• Exercise
Exclude the pictures, then restate exactly each line of the data below from the first through the line containing "Roberto de Souza".
──────── Given information ────────
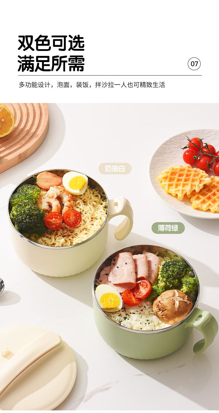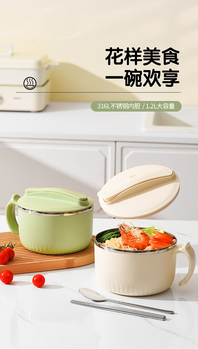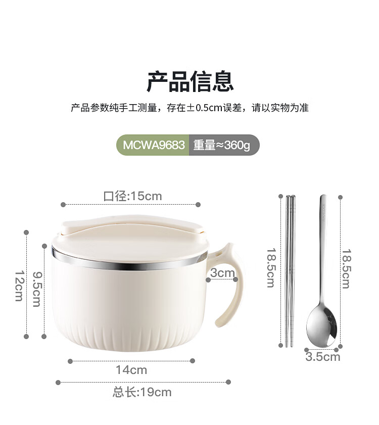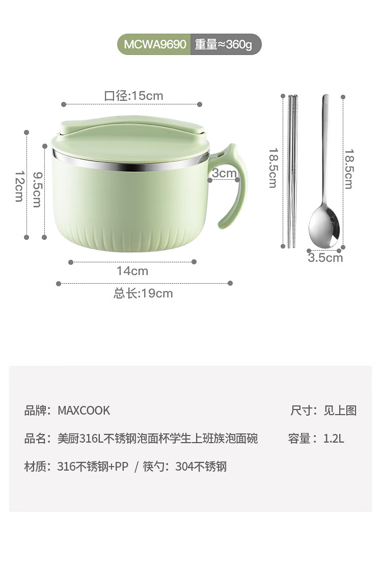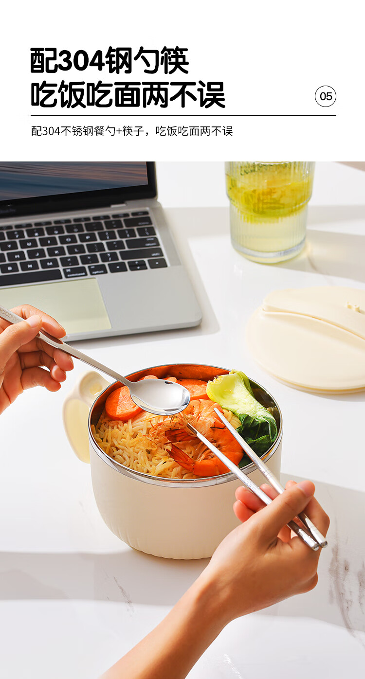 美厨(MAXCOOK)316L不锈钢泡面碗 学生饭盒餐杯泡面杯1200ML 配筷勺 白MCWA9683
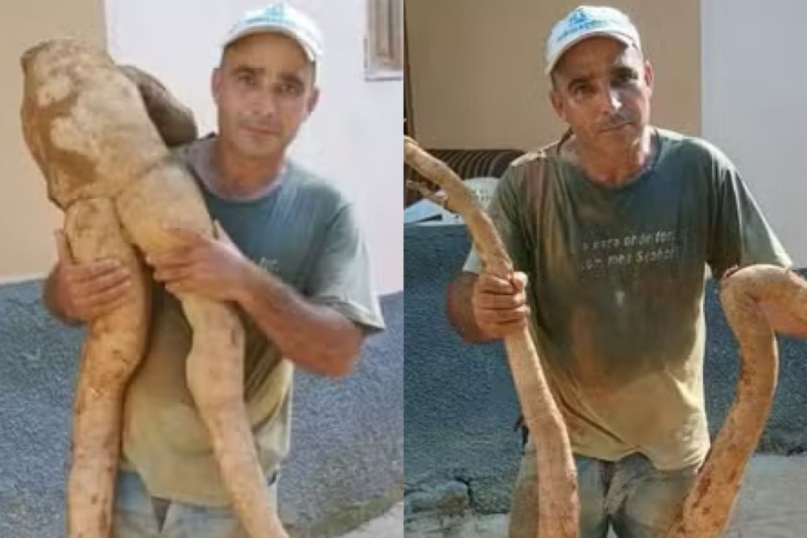 Roberto de Souza Teixeira achou o tubérculo tão curioso que tirou uma foto e postou nas redes sociais, o que gerou vários comentários, como "Parece que está abraçando uma mulher" e "Tirou um manequim da terra".
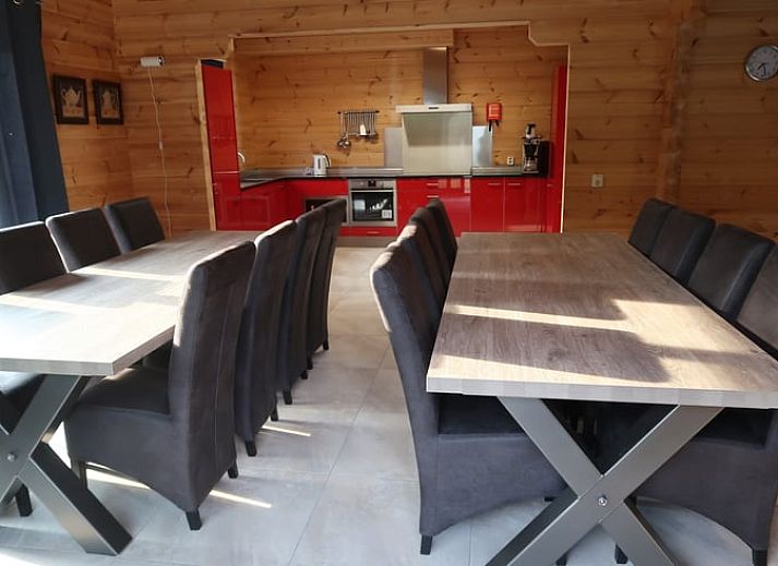 À la mi-juin 2018 a ouvert la maison familiale en bois complet , classé selon recron ( groupe de classification nationale hébergements ) avec 5 étoiles ( score maximum ).Cet hébergement est adapté pour max 16 personnes , non fumeur , wifi disponible , rez de chaussée avec chauffage au sol , à l'étage chauffage central.Tout est si bien isolé aux règles les plus modernes , rh valeur plus de 6 , trois double vitrage , aussi pour prévenir la pollution sonore .La maison familiale est située au milieu d'un petit parc, avec beaucoup d'espace autour, y compris le jardin et la terrasse, gril extérieur / zone de barbecue, y compris 16 chaises et tables extérieures, à travers 2 portes coulissantes directement à l'hébergement, avec de nombreuses places de stationnement.Les voisins : petits chalets en rondins et hébergement de groupe à une bonne distance.Football / terrain de jeu présent sur la Klokkenlaan, pour les enfants il y a une aire de jeux avec balançoires, bac à sable, baby-foot / tennis, etc. Départ le dimanche (réservation pour le week-end) avant 18h00.
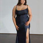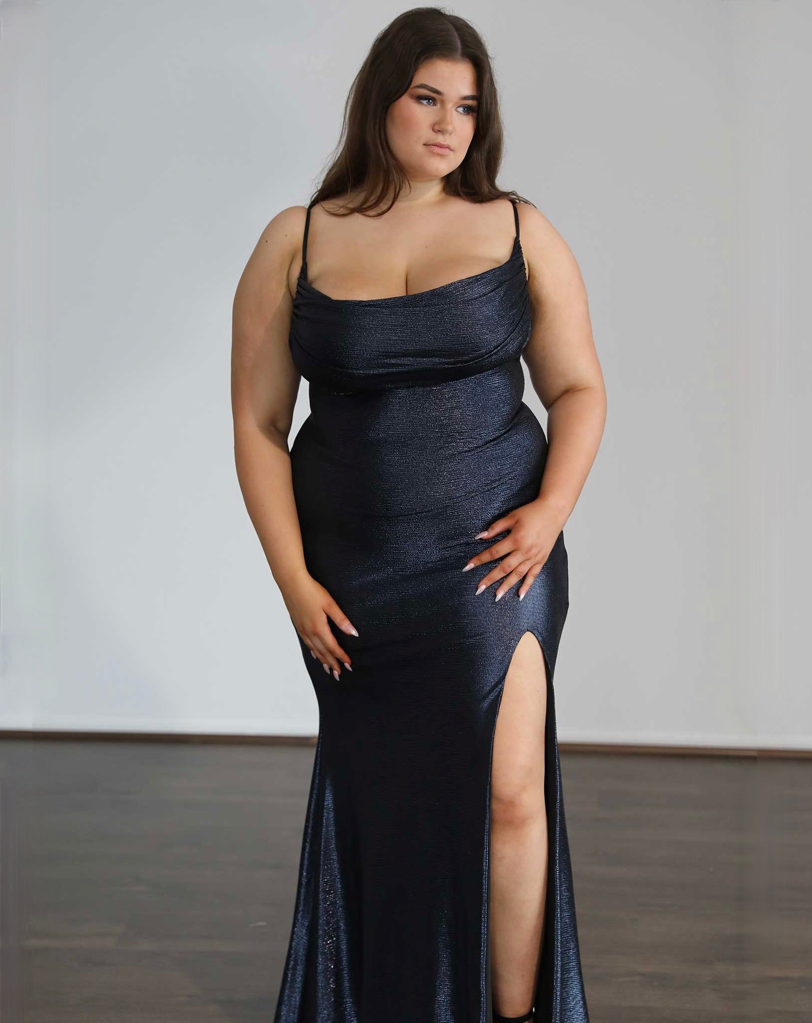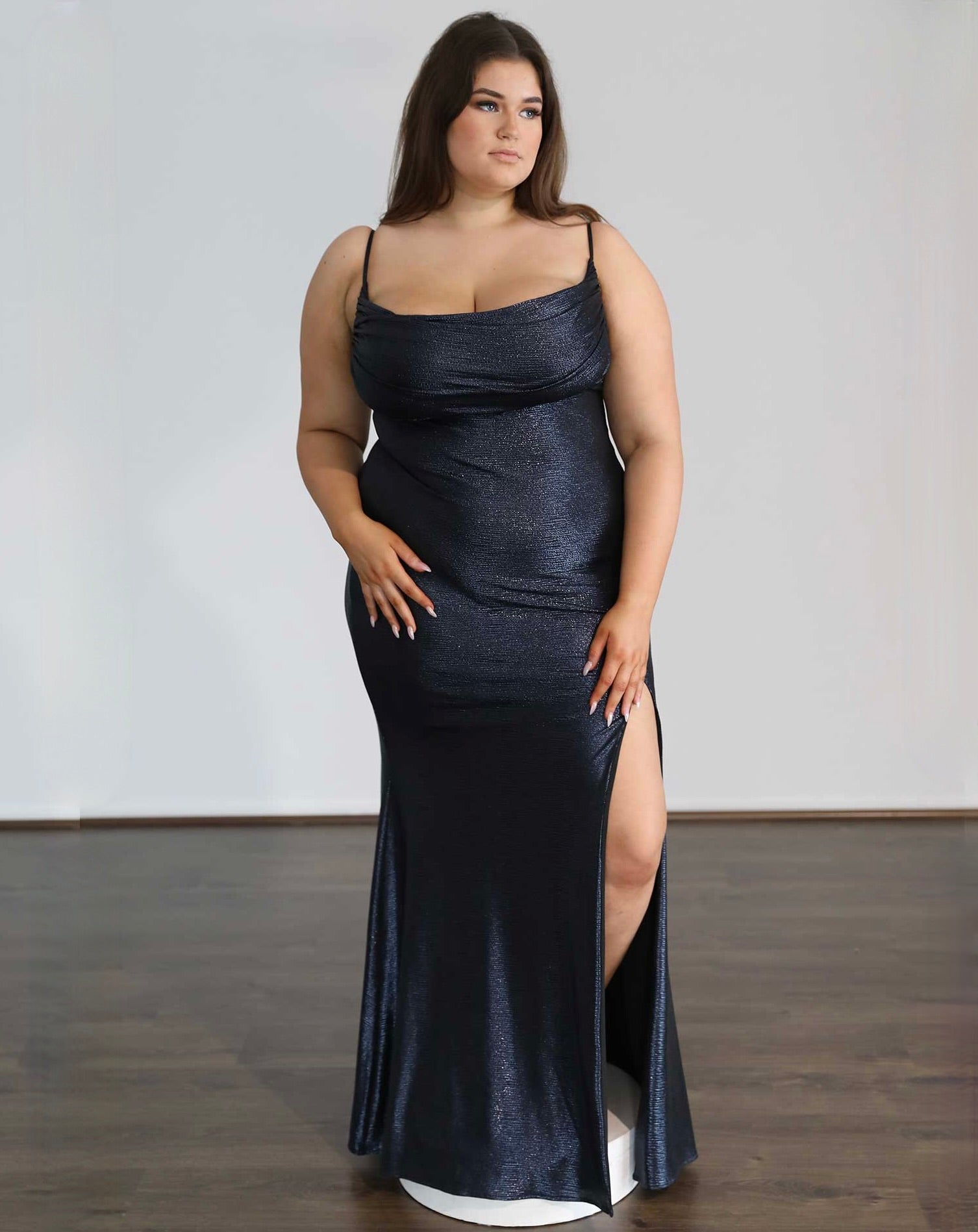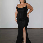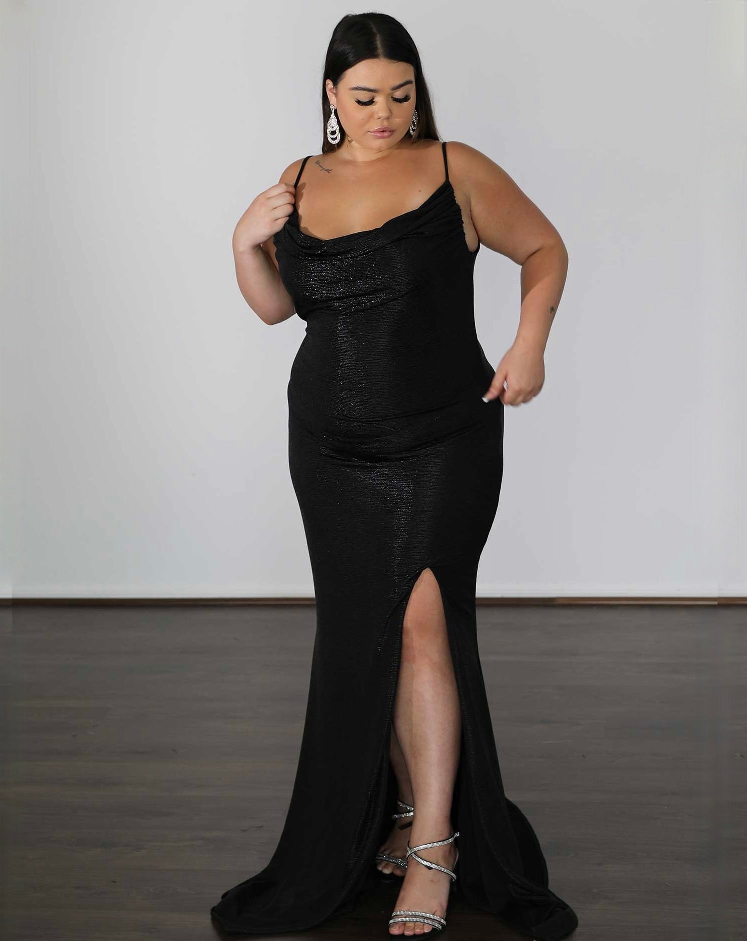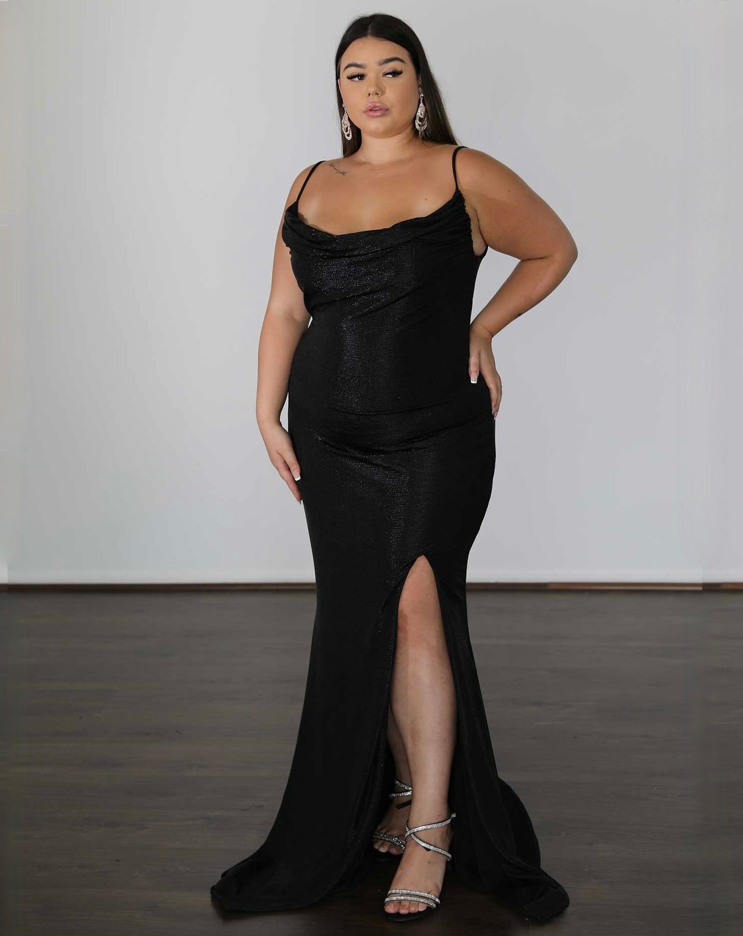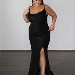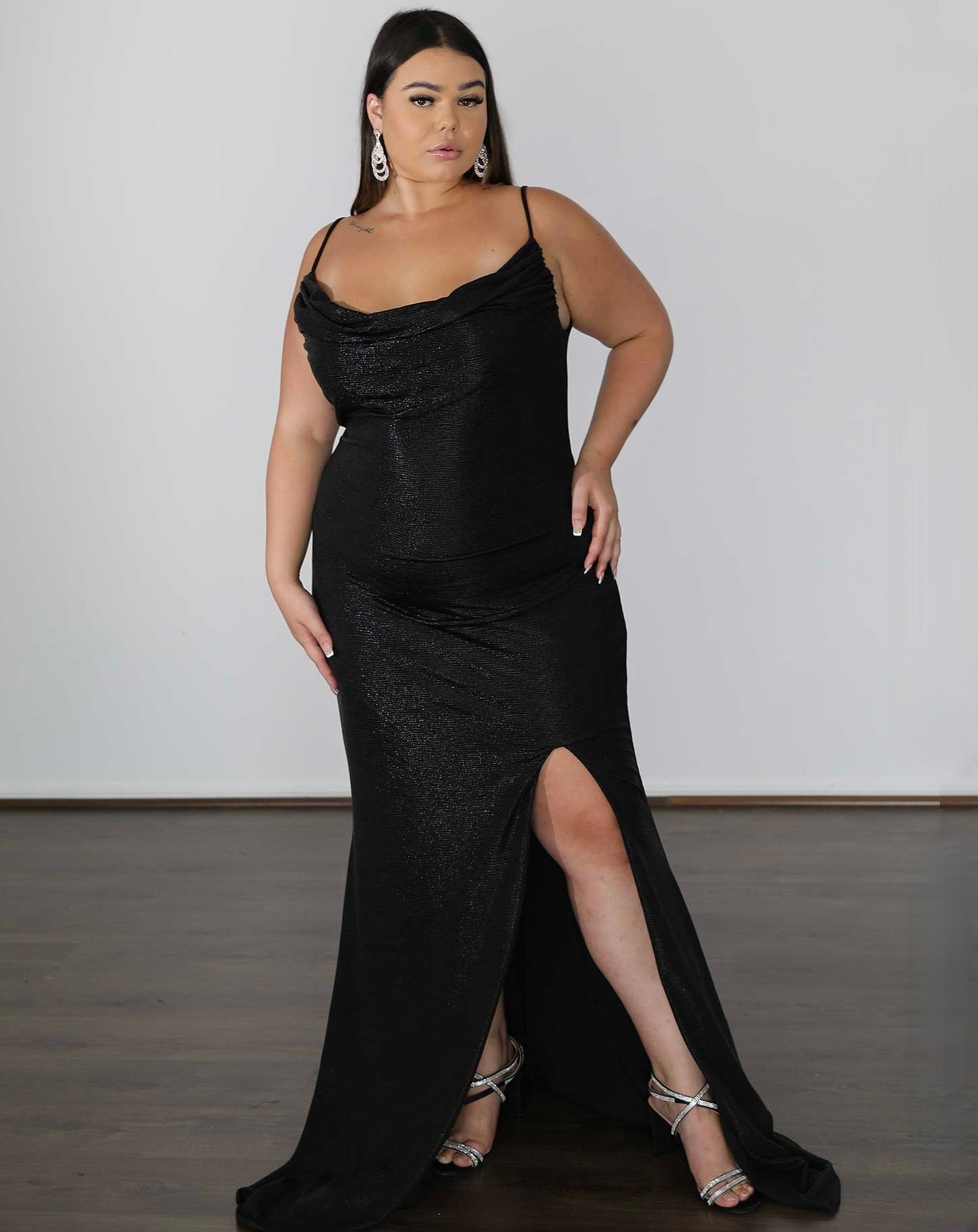 Accessorise your undeniable confidences with our ‘Issy’ Stretch Shimmer Dress. An effortless cowl style completed with full bust support and thigh high split.
────────
• Answer box
 美厨(MAXCOOK)316L不锈钢泡面碗 学生饭盒餐杯泡面杯1200ML 配筷勺 白MCWA9683
 Roberto de Souza Teixeira achou o tubérculo tão curioso que tirou uma foto e postou nas redes sociais, o que gerou vários comentários, como "Parece que está abraçando uma mulher" e "Tirou um manequim da terra".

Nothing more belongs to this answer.